The `limits` block above is one global ceiling. Real APIs run different plans
with different ceilings. The cleanest way to model that is one
`complex-rate-limit-inbound` instance per plan, each with its own token and
request budgets, attached to a route the matching consumers hit.

A `free` plan might be 60 RPM, 30,000 input tokens, 8,000 output tokens. A `pro`
plan on the same upstream might be 600 RPM, 300,000 input tokens, 80,000 output
tokens. Both keyed on `rateLimitBy: "user"` for per-consumer counters, both
attached to a route that filters consumers by plan with a small inbound gate.
The `setIncrements` hook stays the same across plans because the increment is
the real token count regardless of budget.

For a pre-flight ceiling against a single oversize request (a 200K-token prompt
that would burn the upstream's per-request token cap), add a custom inbound
policy that reads the request body's `messages` / `prompt`, estimates input
tokens, and rejects with `413` if it exceeds a hard per-request cap. That's a
separate gate from the per-minute counter and worth running on every LLM route.

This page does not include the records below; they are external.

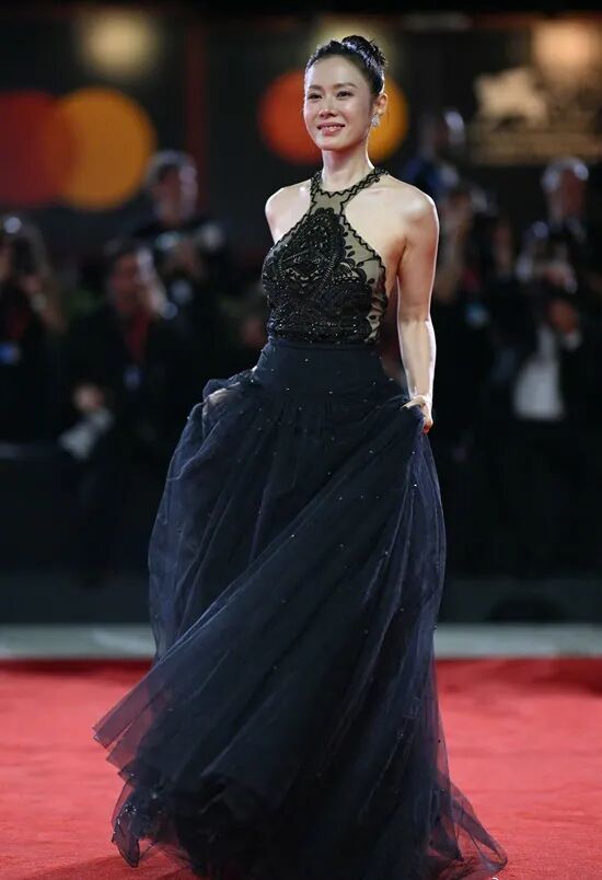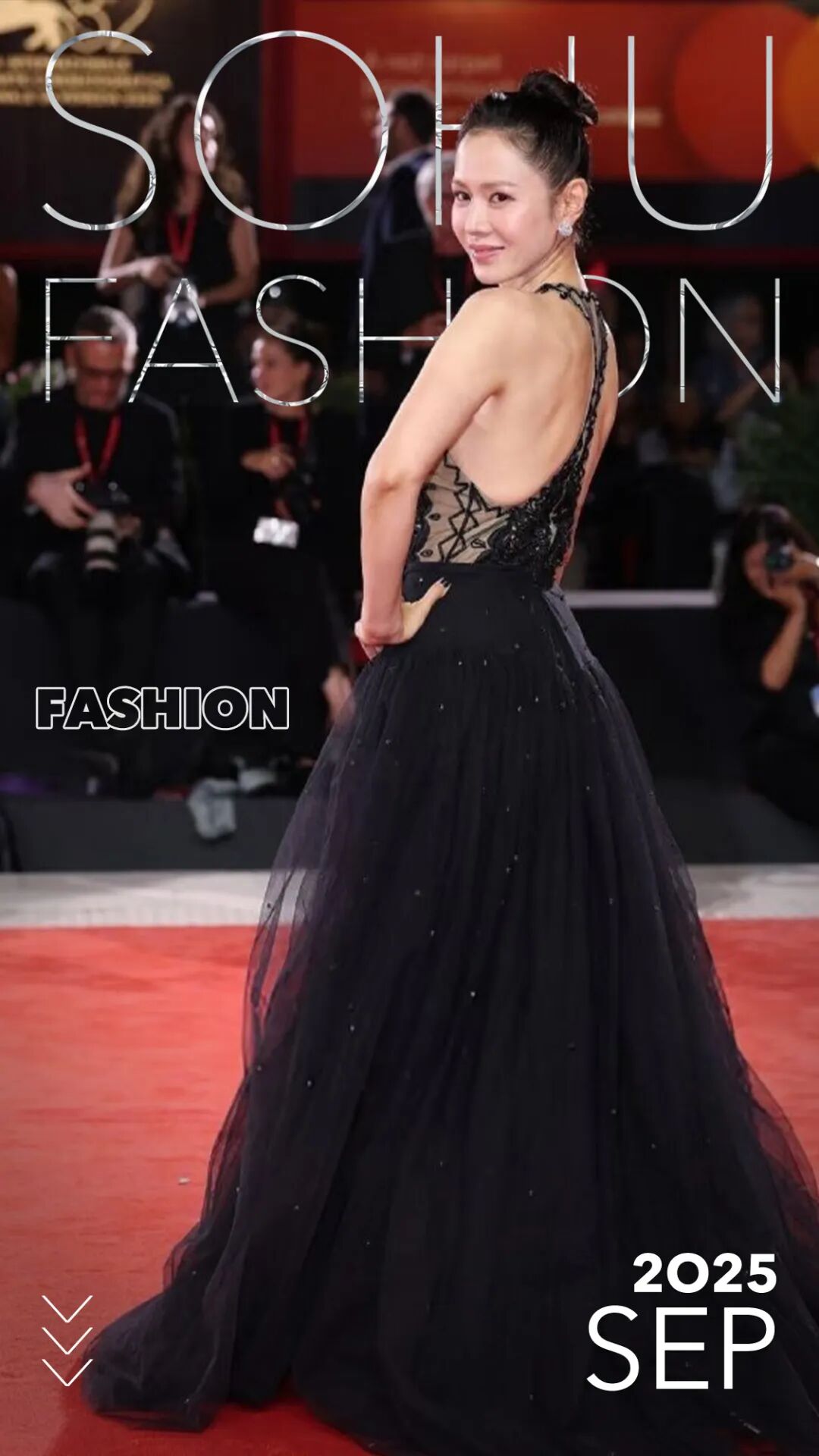 一袭墨色长裙在红毯上迤逦而行,与浓郁热烈的红色背景形成极致对比,恍若一幅流动的油画。她将发丝利落挽起,露出优雅肩颈线条,整体造型既显高贵雍容,又透出灵动的戏剧张力,宛若黑天鹅临境。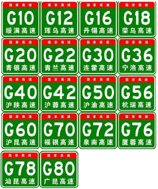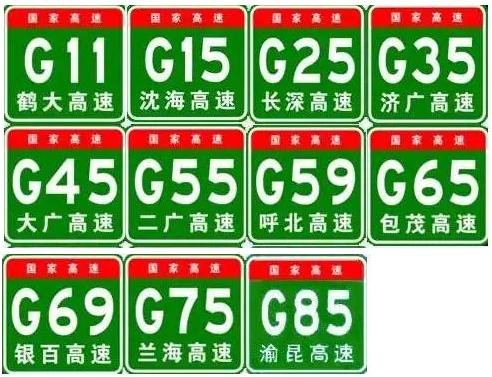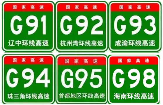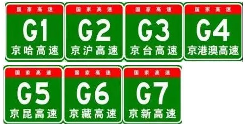 其次,G字母是国字头,编号由G+阿拉伯数字组成,G+1位数是首都放射线,G+2位奇数是纵线,G+2位偶数是横线。还有地区环线、并行线和联络线。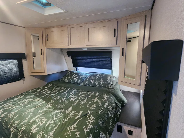The trailer we rented from Brian Mcdonald was beautiful. It was laid out so nicely and gave us lots of room to be in it for cooking, games, sleeping and some times just hanging out together with the family. The weather while we were away was very nice and warm out so we tried to be outside as much as possible. After swimming we were able to shower off our grandsons using the outside rear shower. This unit had amazing beds and the main front one was a queen size and again the bedroom was laid out in a way that made moving around easy and the doorway closed to provide great privacy for us grandparents. It was lighter than the one we rented a few weeks prior and pulled very nicely with the Blue Oz anti-sway bars. Brian and his wife had gift packages on the bed so when we arrived at the campground it was like Christmas with lots of small items like puzzles, campfire color, teas, (see pics). Brian gave us a good review of the trailer upon arriving and hooking up. I would always suggest watching a Youtube video of the sway bars and hooking up whatever manufacturer. All the onboard tanks had been sanitized even the black tank. Everything worked great and if I was to rent again it would be this trailer unit from Brian.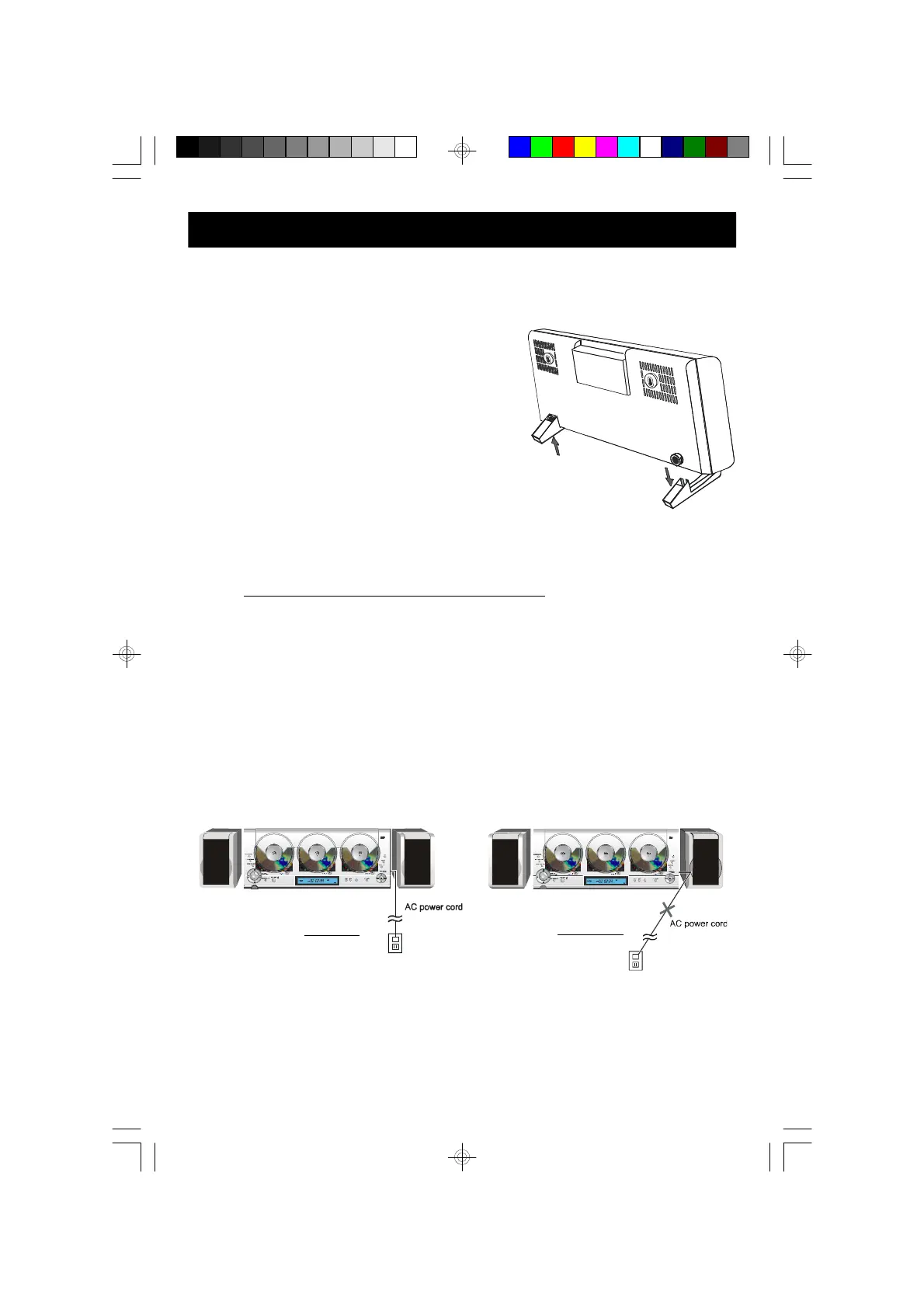 be connected to an AC outlet. The AC power cord of the main unit should be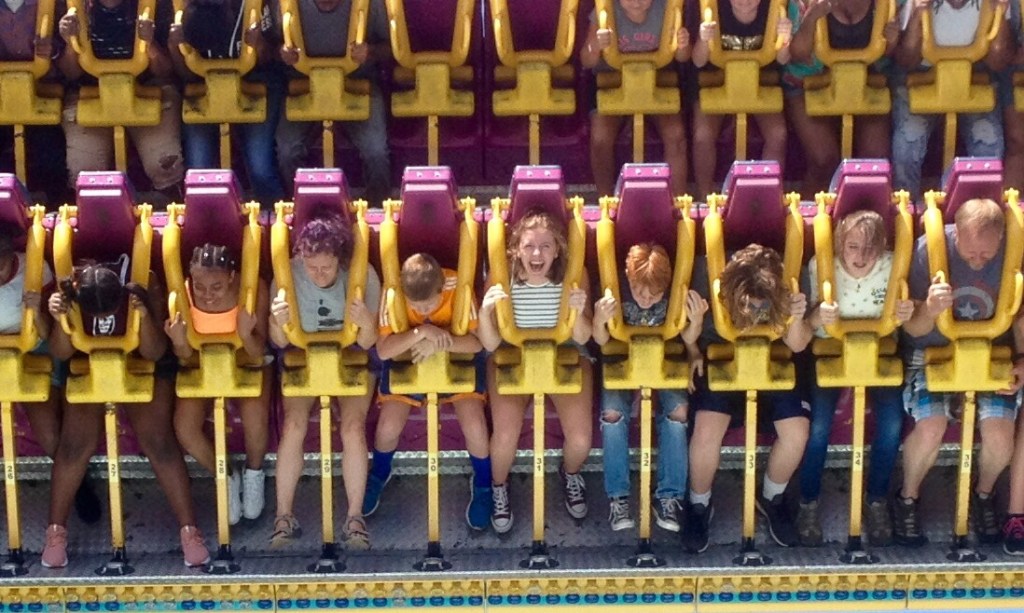 Yes, I know that amusement parks such as Cedar Point and the like are meant to emulate the look and feel of the old-time carnival fairgrounds, but in a much more permanent and sturdy form. None of this “here they are, now they’re gone” transience. These rides may give you a scare, but they’re safe – as long as you don’t go to doing something stupid like jumping over a fence marked “do not enter” looking for your hat that blew off when you were riding the coaster previously.

The same per-consumer token signal also doubles as a billing signal if you want
it to. Zuplo's
[monetization-inbound policy](https://zuplo.com/docs/articles/monetization) ties
usage to a consumer's subscription, so the counts that drive your rate limits
can also feed plan-based billing without a second metering pipeline. Rate
limiting is the focus here; the same plumbing extends to monetization when
you're ready.

## What a token-weighted gateway buys you

A token-weighted gateway throttles every consumer by what they actually used.
The chatty classifier user keeps their 30-token calls flowing. The
batch-summarization user gets capped at the budget their plan paid for. The
cheap user isn't squeezed out of their RPM headroom by someone else's 40K-token
jobs, and your upstream provider quota stops getting surprised.